Estamos haciendo esfuerzos para acoger, muchas veces en solitario. Muchas veces en la sombra. Para que los hombres tomen la palabra y expliquen cómo deconstruyen sus privilegios en muchas asambleas casi clandestinas. Para que se reconozca la lucha de otras compañeras. Para que las putas y las discas tengan voz también (pienso en Mariángeles Ballesteros, exmodelo, puta, heroinómana, que me abrazó un día muy fuerte y me dijo: «Y a ti, ¿quién te cuida?». Veinte años después, reflexiono sobre los cuidados, sobre el autocuidado y sobre lo poquito que me dejo mimar). Para no asumir los discursos identitarios de otras mujeres. Para no patologizarlas, ni diagnosticarlas.

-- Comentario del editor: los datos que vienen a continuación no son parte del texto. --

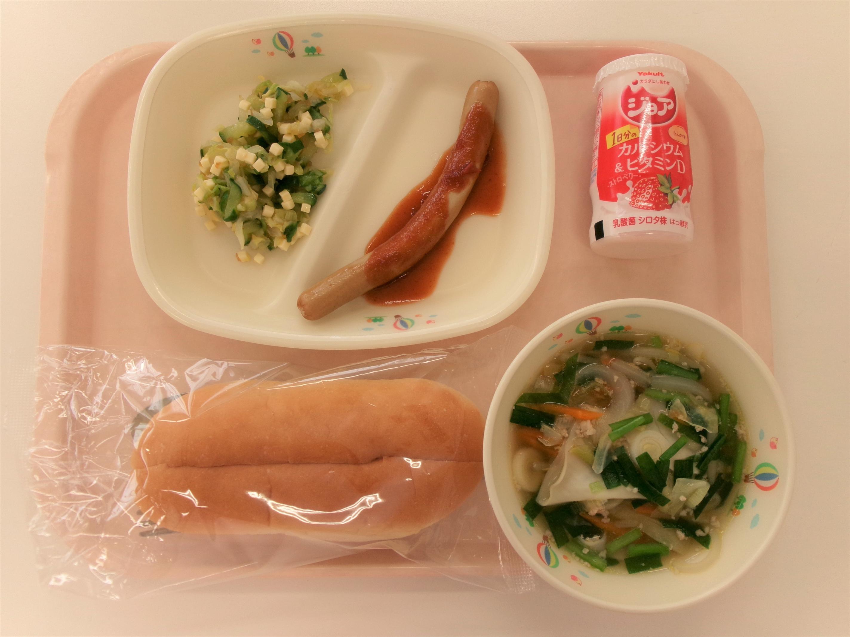 | 21 ~カルシウムアップ献立~ 背割りコッペパン ジョアストロベリー ロングウインナーケチャップ ワンタンスープ チーズサラダ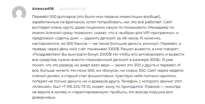 Пользователь Алексей16 потерял 800 долларов. Он перевел 500 долларов, после чего менеджер предложил VIP-программу с обещанием удвоить депозит. Когда на счету отобразилась прибыль, при попытке вывода потребовали внести страховочный депозит еще 300 долларов. После перевода денег счет заблокировали, а сайт сменил домен.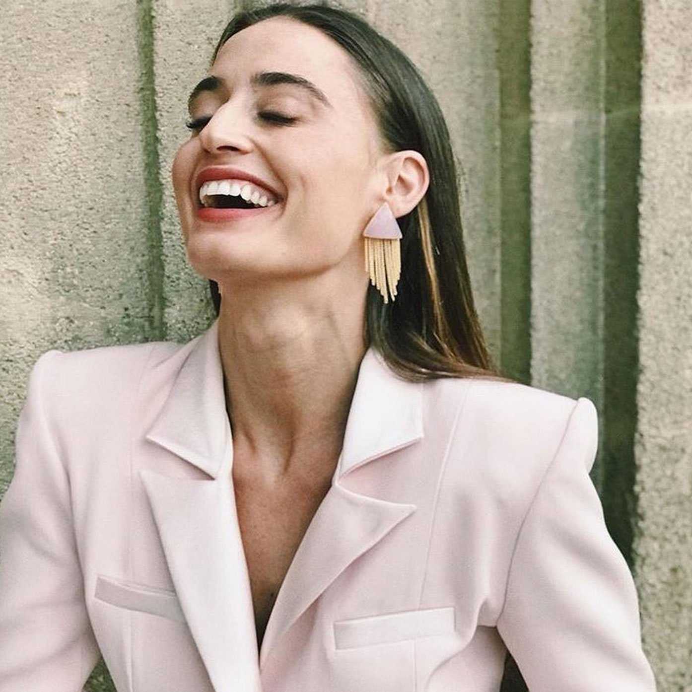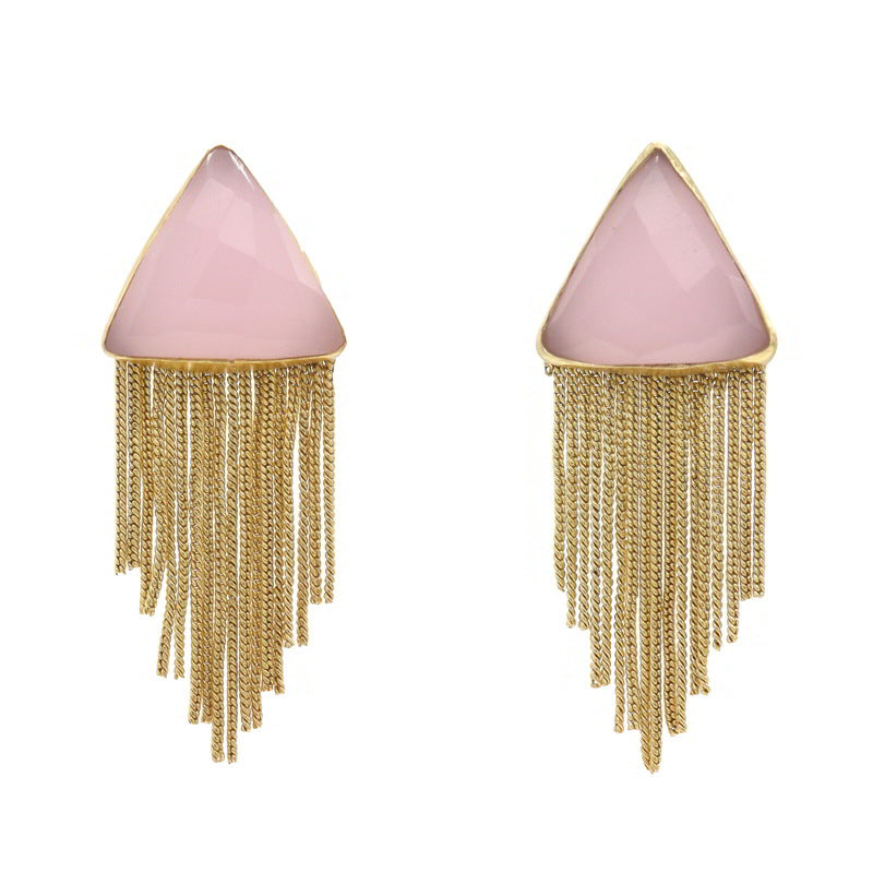 Pendientes impactantes con una piedra triangular que cobra protagonismo, mientras abajo, cadenas de diferentes tamaños crean elegantes flecos en movimiento. Este diseño fusiona geometría y dinamismo, añadiendo un toque moderno y sofisticado a tu look.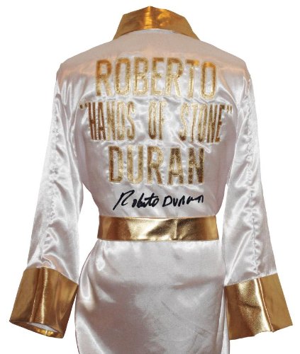 Roberto Duran Signed White Robe"HANDS OF STONE" on back - Autographed Boxing Robes and Trunks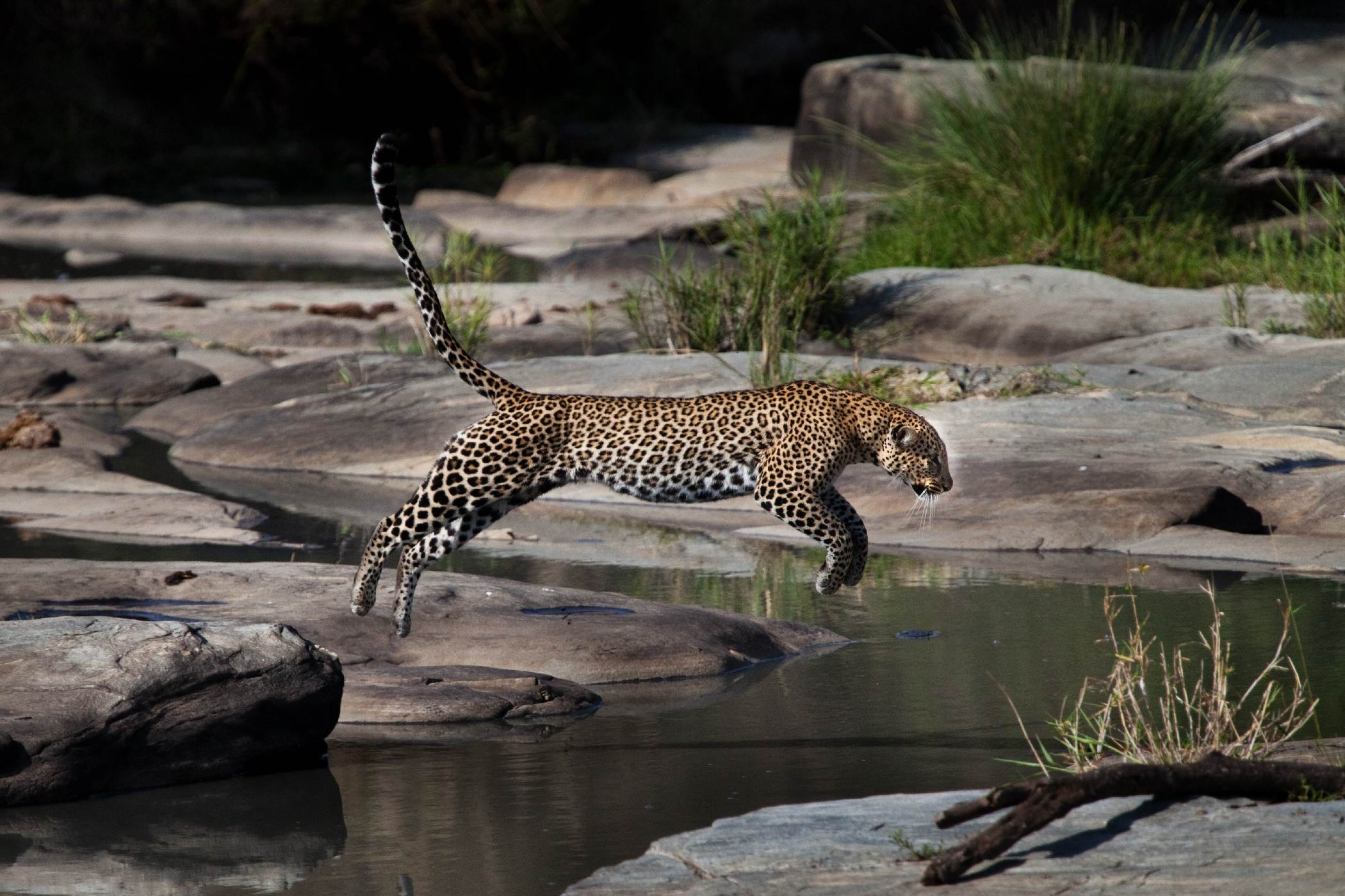 Krása těchto koček vynikne hlavně při pohybu. Na fotografii je levhart, který má teritorium v okolí řeky Talek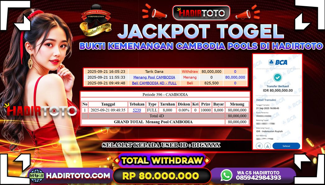 ꧁༒☬👑HADIRTOTO👑☬༒꧂ Jackpot 🐋 TOGEL Cambodia Pools ~ RP.80.000.000.,- LUNAS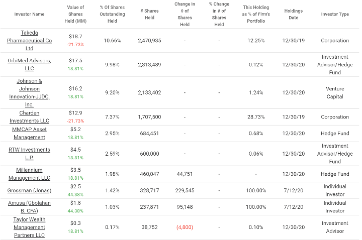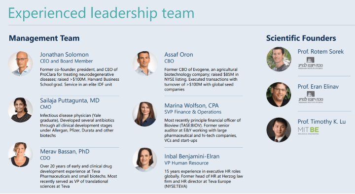 Unter den größten Einzelaktionären findet man viele bekannte Namen, z.B. Big Pharma (Takeda, Johnson&Johnson) und auch angesehene Healthcare-Investoren (OrbiMed, Chardan,..). Die weiter oben genannte Chardan Healthcare Acquisition Corp., das Vehikel, über das BiomX an die Börse ging, ist eine SPAC (Special Purpose Acquisition Corp.) von Chardan. Auch Board-Mitglieder wie Jonas Grossman oder Gbolahan Amusa sind am Unternehmen beteiligt. Laut IPO-Prospekt hält auch CEO Jonathan Solomon ein größeres Optionspaket. Insgesamt finde ich die institutionelle Besetzung sehr gut und spricht für die Qualität von BiomX.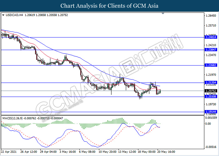 USDCAD, H4: USDCAD telah didagang dengan lebih rendah sementara ia sedang menguji tahap sokongan 1.2030. Namum, MACD yang memaparkan isyarat bias bullish mencadangkan pasangan ini untuk mengalami pembetulan teknikal ke arah tahap rintangan 1.2135.

Mariángeles murió. Si una mujer es adicta, a drogas o a juego, va a tener mucho menos apoyo social que un hombre. Me lo contó la psicóloga Ana Estévez, que lleva décadas investigando sobre el juego de azar y las adicciones sin sustancia, entre otras cosas.

La mayoría de las que lideran ese feminismo que ostenta el poder solo se ha relacionado con mujeres blancas, clase media, media baja, media media, media alta.

Al resto no nos han visto ni en el cine.

«Estoy harta de relatos de mujeres empoderadas», le decía la semana pasada a Nathalie Poza. De verdad, no saben lo cansada que estoy de representaciones femeninas de mujeres empoderadas. Las mujeres que yo conozco trabajan como unas burras, no llegan a casi nada o sienten que no llegan a casi nada, andan criando hijos y suspirando por meterse en una cama a dormir, aprovechan las vacaciones para leer dos páginas de un libro y quedarse dormidas antes de levantarse del sofá e ir al parque con las niñas o a recoger a alguna adolescente o se pasan la tarde en un hospital con alguna de las personas a su cargo o están bregando con depresiones de larga duración o con trastornos alimentarios o con caminos de hormonación, estudiando violín mientras llaman al pintor y redactando proyectos para irse con una beca a estudiar artes o comprando una bandeja de napolitanas porque es más barato que ir a la frutería a pensar en qué puedes cocinar en la media hora que podías estar sentada con unas cebollas, unas berenjenas y unas alcachofas.

Conozco a heroínas cotidianas y a un puñado de tíos que caminan al lado también, porque mi mundo ha sido, como el de más o menos todas, esencialmente masculino. Carmen Martín Gaite, Carson McCullers, Hanna Arendt, Ana María Matute y Elena Poniatowska, Elizabeth Barret Browning, Louise Cooper, Virginia Woolf y sor Juana Inés de la Cruz llegaron mucho más tarde que Mark Twain, Charles Dickens, Chris Claremont, Frank Miller, Steve Ditko, Henry Miller o Rudyard Kipling: la única que estuvo desde el principio era Gloria Fuertes por la sencillísima razón de que escribía para niños. Ojalá las que vengan detrás tengan más referentes, poderosos o no. Ojalá nadie les diga qué son o cómo han de ser.